:: ACTIVITY ::
Reproduce everything from the line that contains "Negozio sviluppato in" down to the line that contains "お子さまと一緒に使える大きめサイズ | ![]() 大判サイズでファミリー向け |" in the listing below, word for word and nothing more. Leave the pictures out.
(Beginning of SUPPLIED ENTRIES)
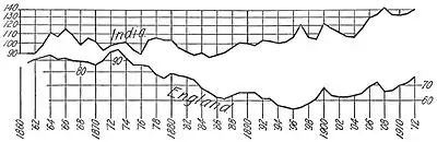 It will be noted that, in the first and last of these three periods, there is some similarity between English and Indian price movements, but that in the middle period there is little similarity.
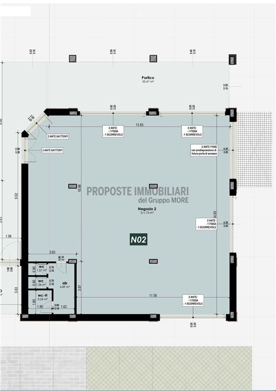 Negozio sviluppato in un unico ambiente, volendo suddivisibile, con bagno e numerose vetrine su piazza.
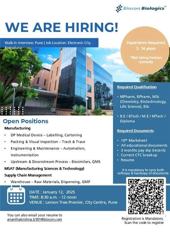 - You can also email your resume to ananthakrishna.b101@biocon.com
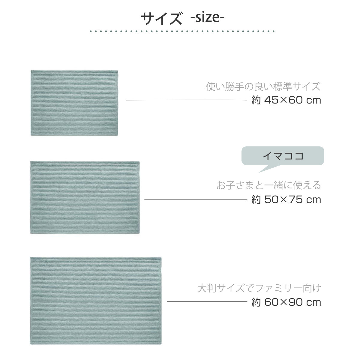![]() 使い勝手のよい標準サイズ | ![]() お子さまと一緒に使える大きめサイズ | ![]() 大判サイズでファミリー向け |
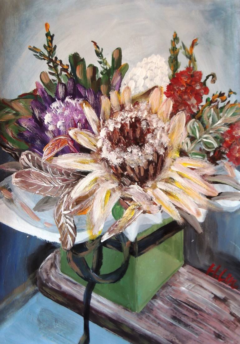 INSIDE THE GIFT BOX - Australian native dried flowers still life 5/9/2017 . H,Lin Artwork size-29.5*42*0.1 cm Framed size -62 x 45 X 3.5 cm Acrylic on Paper , framed , ready to hang Metallic Gold paint are used . The dried flower arrangement of portea flower, Dried Banksia Hookerana Flowers , ...
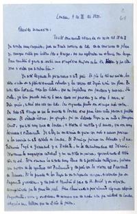 1 carta : Archivo del Escritor Biblioteca Nacional, Avenida Libertador Bernardo O'Higgins, Santiago, Chile.
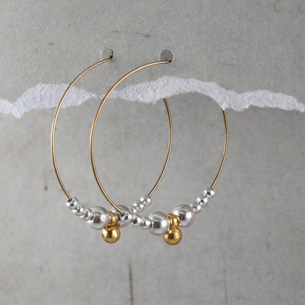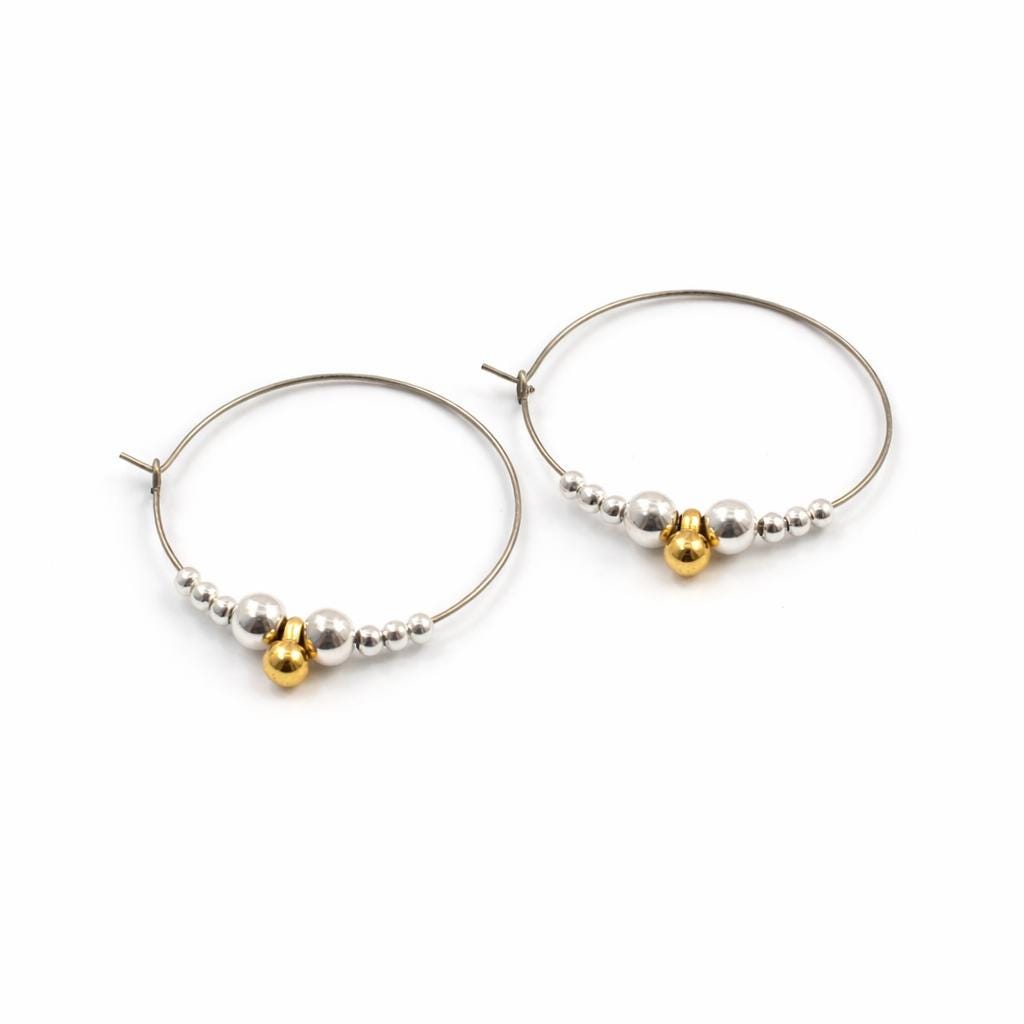 Fines boucles d'oreilles créoles en laiton bronze garnies de perles en métal (alliage) doré et argenté.
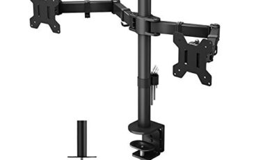 Robusto supporto da tavolo in acciaio a doppio braccio: due schermi sono installati uno accanto all'altro per un facile spazio in ufficio. Può ospitare due TV o monitor da 13...
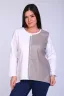 Женский джемпер. Данная модель уникальна. Задняя часть модели удлинена, перёд разделён на две части, между которыми находится полоса из страз. Одна из частей состоит из эко-кожи серого цвета. Джемпер оверсайз, подойдёт всем!
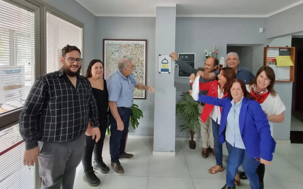 El intendente Juan Pablo Vassia junto a Daniel Soliani y la artista mosaiquista Micaela Cinalli, en presencia de ciudadanos y personal municipal, realizaron el descubrimiento de una obra artística conmemorativa.
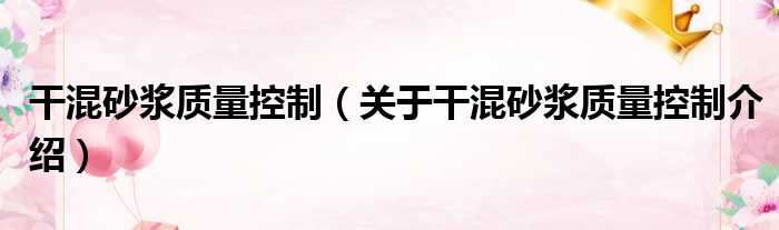 干混砂漿質量控制(關于干混砂漿質量控制介紹)
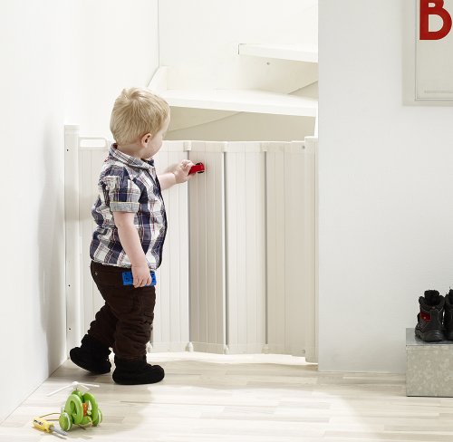 BabyDan Türschutzgitter Guard MeDas automatisch faltende Schutzgitter ist eine Weltneuheit. Es faltet sich automatisch zurück und ist fast nicht sichtbar, wenn es nicht benötigt wird. Somit ist es auch ideal für enge Räume. Dieses tolle Schutzgitter passt für schmale sowie breite Öffnungen.Merkmale des BabyDan Schutzgitters:sehr flexibelkann außen oder innen an Türöffnungen befestigt werdenMontage innen am Türrahmen von 64,5 – 89 cmMontage außen am Türrahmen 55-79,5 cm2-Wege-Schließmechanismusfür Türen oder Treppen geeignetHinweis: Eine Verlängerung ist separat erhältlich.
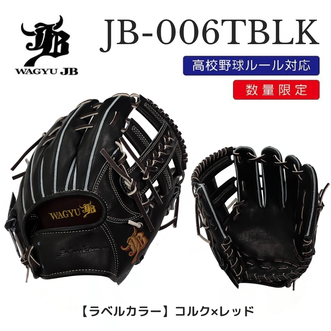 内野手用として人気のWAGYU JB(和牛JB)グラブ【JB-006T】モデル、こちらの限定モデルが数量限定で販売開始。定番にはないカラーリングとデザインに限定モデルのみ対応の「和牛JBロゴ」刺繍入り(裏平部分)、数量が限られておりますのでお早めにお買い求めください。
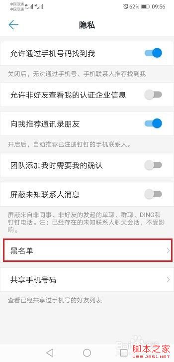 第三步进去钉钉隐私设置界面之后,点击黑名单,如下图所示:
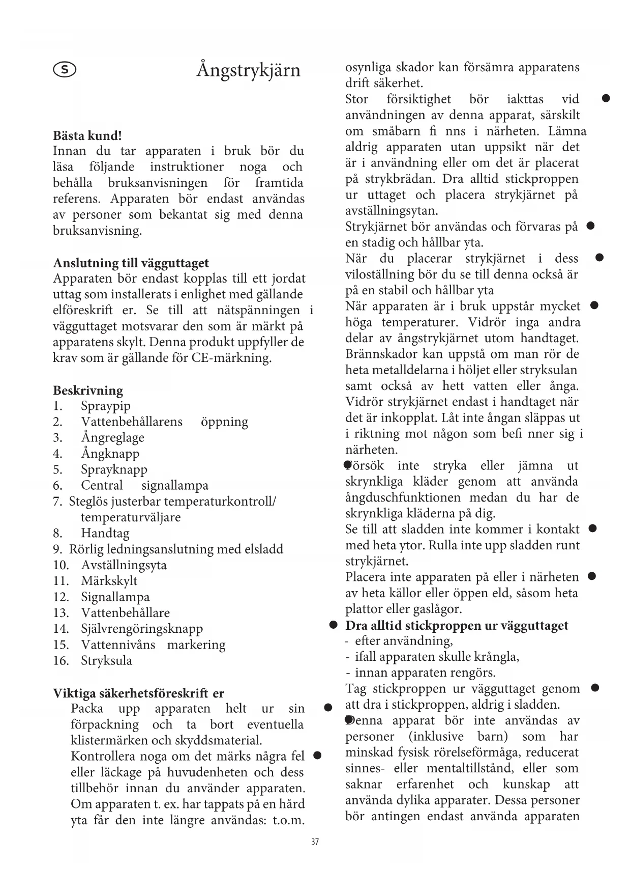 Stäng av ångstrykjärnet, dra stickproppen z
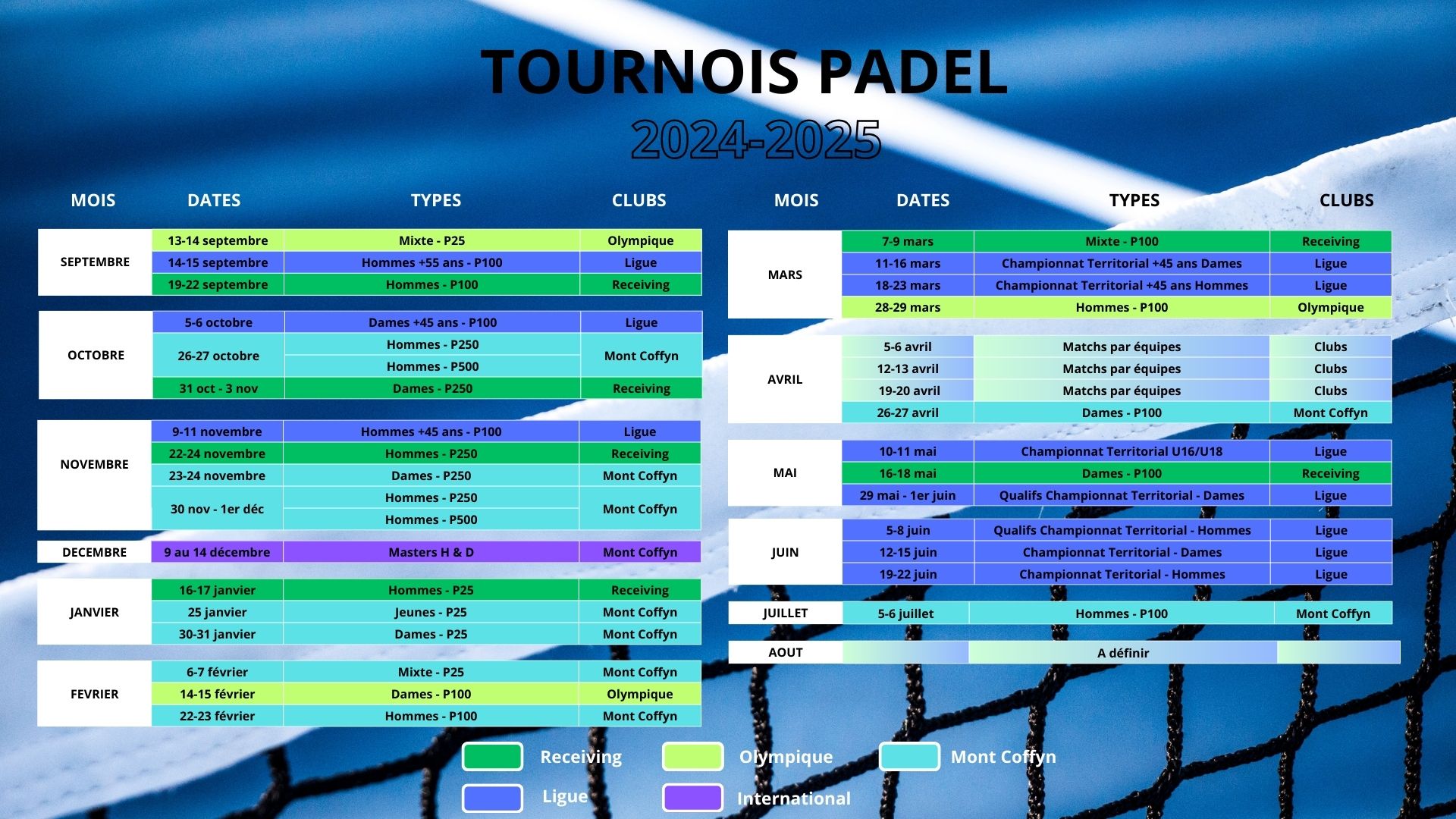 Calendrier Padel
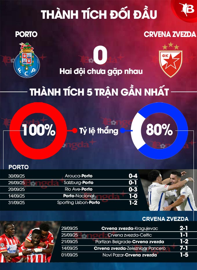 So với Porto, Crvena zvezda cũng đang thể hiện phong độ khá ổn định khi chỉ thua 1/10 trận gần nhất. Họ cũng vừa đánh bại Radnicki với tỷ số 2-1 ở giải VĐQG Serbia để tiếp tục vững ngôi đầu bảng.
(End of SUPPLIED ENTRIES)
:: FINAL ANSWER ::
 Negozio sviluppato in un unico ambiente, volendo suddivisibile, con bagno e numerose vetrine su piazza.
 - You can also email your resume to ananthakrishna.b101@biocon.com
![]() 使い勝手のよい標準サイズ | ![]() お子さまと一緒に使える大きめサイズ | ![]() 大判サイズでファミリー向け |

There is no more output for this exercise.